L’Allemagne s’inquiète de la concurrence entre DMA et sa législation nationale

L’Office fédéral de lutte contre les cartels est l’autorité de concurrence fédérale allemande. [nitpicker/Shutterstock]

Les autorités allemandes chargées de la concurrence font pression sur les géants américains de la technologie depuis l’entrée en vigueur de nouvelles règles en janvier. Cependant, la loi sur les marchés numériques (le Digital Markets Act, DMA) actuellement en discussion au niveau de l’UE pourrait remplacer la section de la loi allemande qui cible les grandes technologies.

Après que l’Office fédéral des cartels a ouvert une procédure contre Apple lundi (21 juin), les « quatre grands » de la tech américaine sont désormais passés au crible par les autorités allemandes pour comportement anticoncurrentiel.

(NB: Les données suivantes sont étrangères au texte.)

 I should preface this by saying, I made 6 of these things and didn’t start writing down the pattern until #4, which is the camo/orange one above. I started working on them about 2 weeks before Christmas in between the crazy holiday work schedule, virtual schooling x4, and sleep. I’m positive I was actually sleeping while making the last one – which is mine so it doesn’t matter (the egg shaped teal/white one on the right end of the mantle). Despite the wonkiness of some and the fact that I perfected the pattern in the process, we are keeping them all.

« Le fait que l’Office fédéral des cartels ait ouvert une procédure contre toutes les grandes plateformes — Google, Amazon, Facebook et Apple — montre que nous avons créé une épée très tranchante », a déclaré Falko Mohrs, un législateur social-démocrate membre de la commission de la stratégie numérique au Bundestag.

L’« épée tranchante » à laquelle M. Mohrs fait référence est l’amendement à la loi contre les restrictions à la concurrence (GWB), qui est entré en vigueur en janvier. Le « cœur de l’amendement GWB », selon M. Mohrs, est l’article 19a qui permet de cibler les plateformes numériques ayant une position dominante et un marché croisé.

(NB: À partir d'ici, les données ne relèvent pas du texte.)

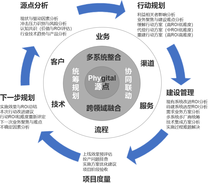 过去的项目建设,很多都是“交钥匙”工程,甲方只需选择1-2家平台厂商,加上一家口碑好的集成商,剩下的就交给经验丰富的项目经理即可。建设数实相生的客户新世界,工程建设复杂,涉及到众多产品,目前很难找到ALL IN ONE,而且涉及到众多现有系统的改造和对接,需要多方参与,建设周期长,很多需要边建设边投产。所以整个建设过程,会越来越类似大型工程建设项目,需要经历规划期、建设期和运营期。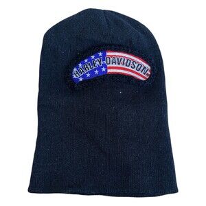 Harley Davidson Skull Knit Cap American Flag Patch Black Beanie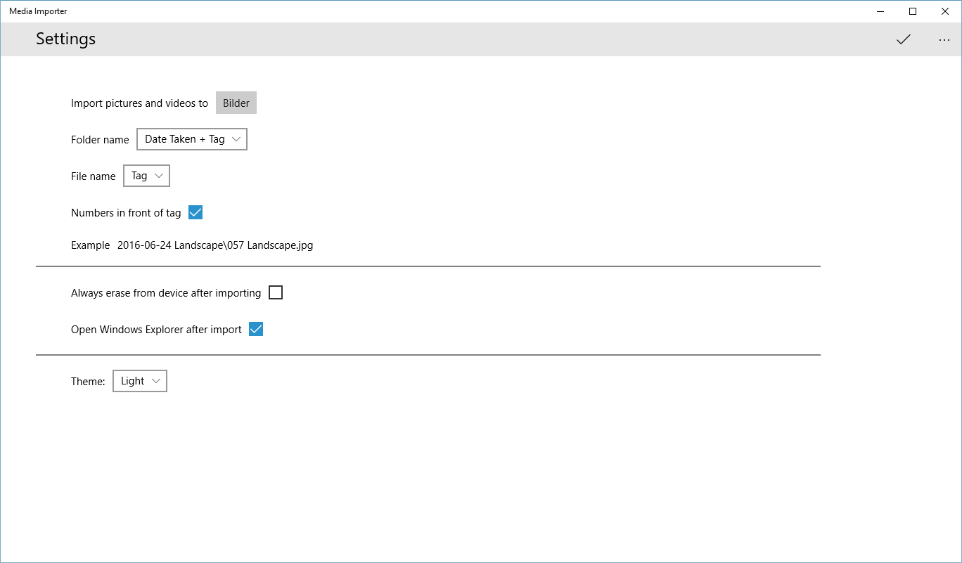 The professional Import of photos and videos from removable media to the computer with the Media Importer is a piece of cake. It supports importing from devices such as some digital cameras, USB sticks and SD cards. Media Importer supports you through settings like the naming of the files and folders to facilitate the storage and organization of your media on your computer.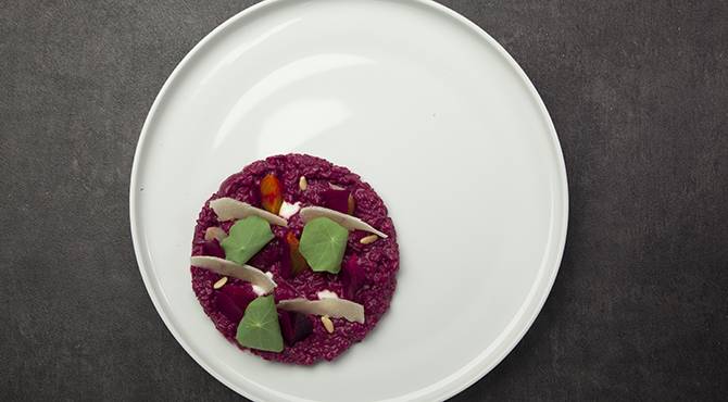 تزين الريزوتو بالشمندر المشوي وهريس البصل والبارميزان المبشور ومخلل الشمندر وأوراق الشمندر الطازجة والبقدونس المصغر.

« La section 19a a été élaborée afin de pouvoir agir de manière plus préventive et rapide et d’interdire certains comportements et pratiques des plateformes numériques puissantes », a déclaré M. Mohrs à EURACTIV.

La GWB allemande contre le DMA de l’UE

Avec la loi sur la numérisation GWB, l’Allemagne a créé la « première loi sur la concurrence au monde qui apporte des réponses aux défis des marchés numériques », a déclaré Hansjörg Durz (CSU), le vice-président de la commission de l’agenda numérique du Bundestag.

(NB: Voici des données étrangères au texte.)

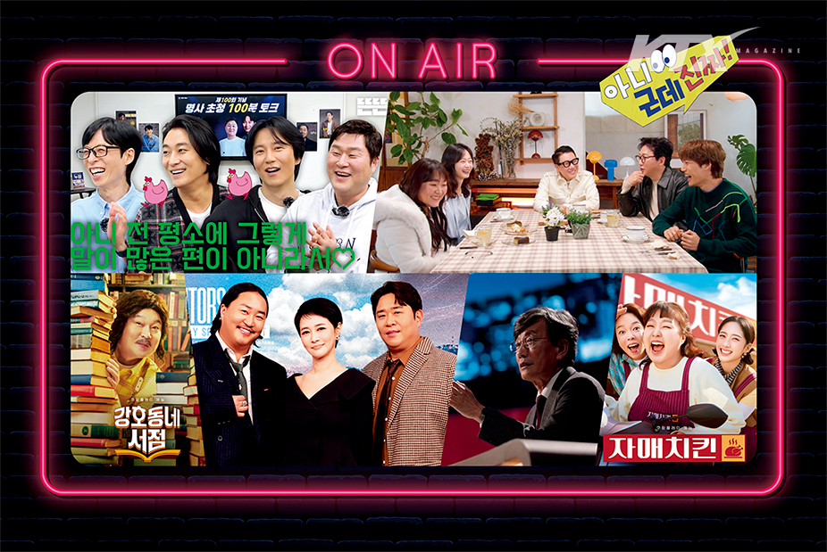 OTT로 확장되고 TV로 돌아온 토크쇼는 기존 토크쇼는 물론 유튜브 토크쇼와도 차별화를 꾀하는 중이다. 이들 프로의 공통점은 토크에 상황극과 콘셉트를 더해 예능 요소를 강화했다는 것이다. <김주하의 데이앤나잇>은 아나운서 김주하의 이름을 걸었으나 개그맨 문세윤, 가수 조째즈와 함께하면서 ‘뉴스의 깊이와 예능의 유연함을 결합한 토크테인먼트’를 지향한다. 김주하가 매거진 편집장, 그리고 문세윤과 조째즈가 에디터가 되어 각계각층의 셀럽을 인터뷰하는 형식인데, 김주하가 상황극으로 애교 연기를 펼치는 등 전에는 상상도 못 할 장면이 연출된다. <아니 근데 진짜!>는 ‘감옥’과 ‘소개팅’이라는 독특한 콘셉트로 토크와 함께 게임, 상황극 등을 버무리고, <자매다방>과 <자매치킨>은 이수지와 정이랑의 농익은 상황극 연기로 빛을 발하는 중이다. 최근 시작한 <강호동네서점> 역시 강호동이 소크라테스의 제자인 불멸의 존재 ‘호크라테스’가 되어 책방에서 손님을 맞는다는 상황을 설정했다.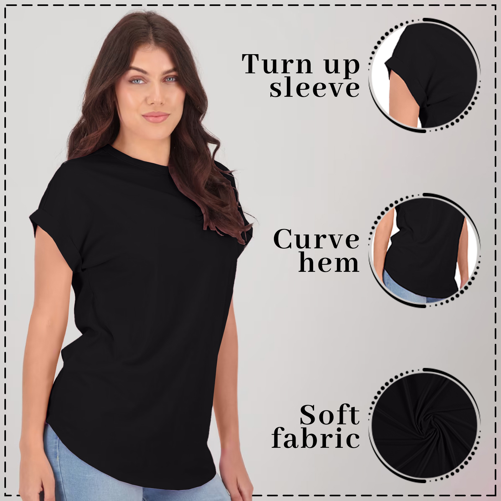 Simple, comfy & stylish — Women’s Plain Turn-Up Sleeve Round Neck T-Shirt is perfect for summer and everyday casual wear!

« Un petit morceau d’histoire » a été écrit, a déclaré M. Durz à EURACTIV. Selon lui, la loi allemande a également contribué de manière significative au « fait que nous parlons maintenant aussi dans l’UE des règles du jeu d’une économie numérique sociale de marché. »

M. Durz fait référence à la proposition de la Commission européenne pour une loi sur les marchés numériques (DMA) qui a été présentée en décembre et qui est maintenant en cours de négociation au niveau européen. Comme la GWB, le DMA vise à limiter la position dominante des grandes entreprises numériques.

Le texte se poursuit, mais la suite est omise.